Okay, sorry...I'm on a rant. Back to the story. There is a high school player, Kevin Hart, at Fernley High School in Nevada who wanted so badly to play big time college ball, that he fabricated a lie about being recruited by about 5-6 big west coast schools. Oregon, Cal, Washington, Nevada...among a few others. The head coaches of all these schools knew about this kid, but never recruited him, never called him, and never even sent him a letter. He attended camps at Cal and Oregon, but thats about it.
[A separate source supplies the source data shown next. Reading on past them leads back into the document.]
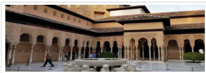
قصر الحمراء - إسبانيا
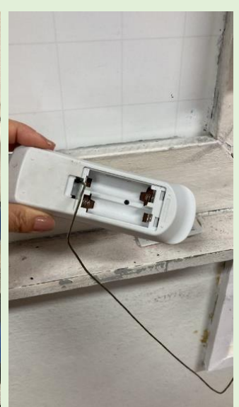
Danos em mobiliários e extravios de pilhas: solicitado que seja feita a comunicação à direção quando for observado.
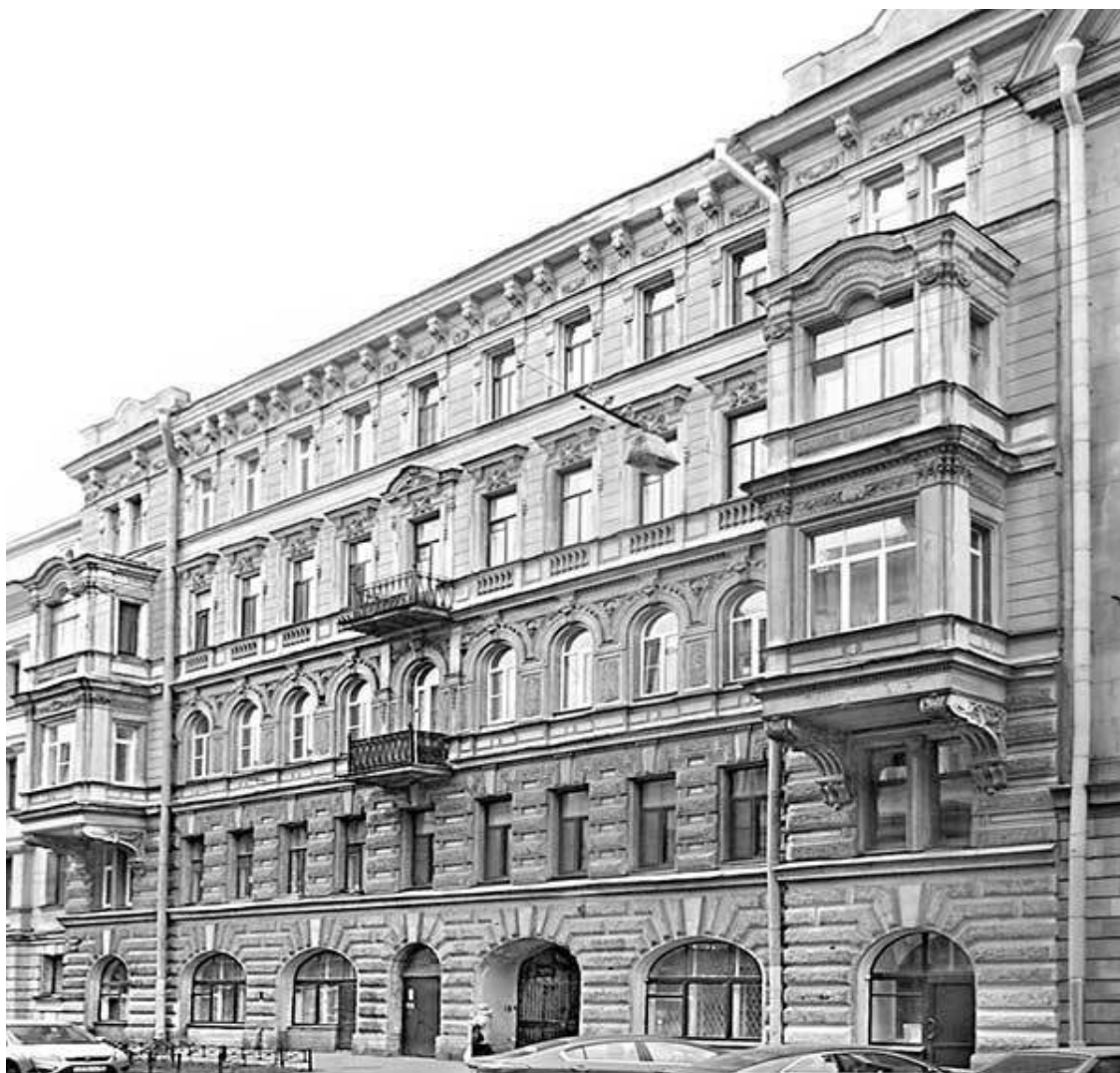
Моховая улица, 17
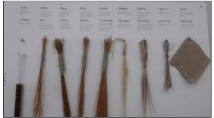
Från frö till färdig väv.
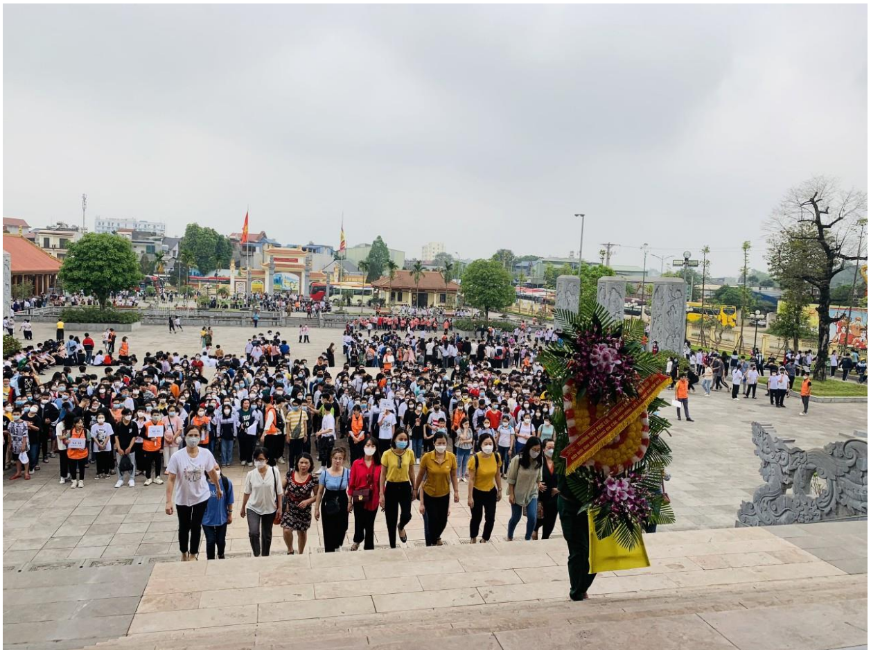
Giáo viên và học sinh trường THCS Phúc Lợi thành kính dâng hoa tưởng niệm các anh hùng liệt sĩ Đại đội 915

Địa điểm đầu tiên mà thầy trò trường THCS Phúc Lợi đến là Khu di tích Đại đội 915 Thanh niên xung phong tại Phường Gia Sàng, Thành phố Thái Nguyên. Đoàn làm lễ dâng hương tưởng niệm các anh hùng liệt sĩ – thanh niên xung phong của Đại đội 915 đã ngã xuống để bảo vệ Tổ quốc. Trong không khí trang nghiêm, xúc động, đoàn trường THCS Phúc Lợi đã kính cẩn đặt vòng hoa, thắp nén hương thơm tri ân công lao to lớn của cán bộ, đội viên Đại đội 915 đã anh dũng hy sinh vì sự nghiệp giải phóng dân tộc, vì độc lập, tự do của Tổ quốc.
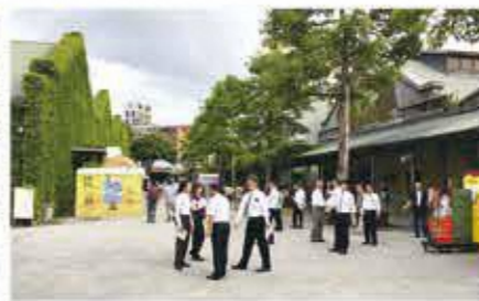
華山文創園區 日本統治時代から1987年の移転まで、酒の醸造所があった大規模な工場跡を改装したスペースです。現在はショップやカフェなどにリノベーションされました。
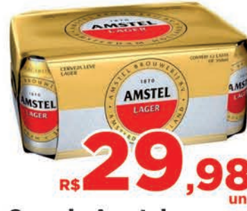
R$ 29,98 un. Cerveja Amstel 12x350ml
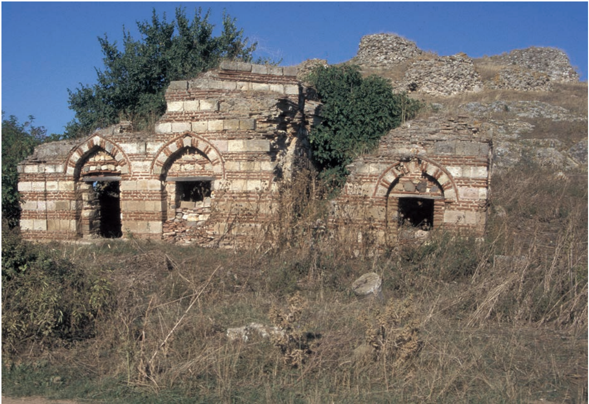
148 Lentiana, osmanische Külliye mit Spolien
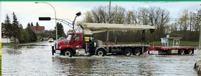
PHÉNOMÈNES CLIMATIQUES EXTRÊMES
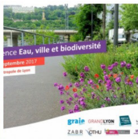
Conférence « Eau, ville et biodiversité » Mardi 26 septembre 2017 à l'Hôte...
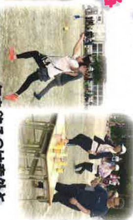
缶を釣るのは意外とむずかしい？
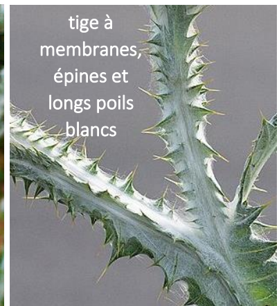
tige à membranes, épines et longs poils blancs
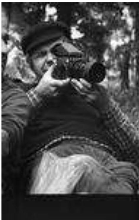
Chingo fotograf oddílu

But the lie snowballed so much that everyone started to believe him. The head coach, the principal, his classmates. On signing day last week, they packed the gymnasium, had local TV crews there for his decision. He sat down at a table dressed in a white shirt and tie, looked at two hats on the table, one an Oregon cap and the other a Cal hat. He reached out, grabbed the Cal hat, put it on, adjusted it just like every other big time recruit has done in the past. The crowd cheered, his coach hugged him, and he waived to his fans.

And then the chat rooms and blogs quickly started to figure this out. No one knew about this kid. Sure, he looked the part. He was a 6'5" 290 pound o-lineman. He was a little chubby, but looked like once Cal got their hands on him, they could mold him into an athlete. But he seemingly dropped out of nowhere and landed on the Cal list. Coaches at Cal immediately learned of the story and were quick to deny it.

But how dumb can people get? His coach never wondered why a Cal or Oregon coach never called him? His parents never wondered why their phone ever rang? Typically, when you are a big enough star to have a hat ceremony, the head ball coaches for those hats are usually intimately familiar with the high school coach and family.

So now what? There's no way he can play college ball now. Even if he is good enough, the shame he'd have to deal with wouldn't make it worth it.

But this just illustrates the insane hype that goes along with college recruiting. And I think this translates well into the situation with Terrelle Pryor. Sure, he's a great high school athlete, but there's more to it when you go somewhere like Michigan or Ohio State. There's pressure, you're opponents are better, you're just one of 95 super-talented players on a team. And you also have to attend class, follow more rules, you're away from home. Going away to college is hard enough for just typical people like me...let along being a super star with the hype and pressure to deliver fame and glory for you're school.

I say we just do away with the hat ceremonies. We need an early signing period. And we need to have Kevin Hart be an example.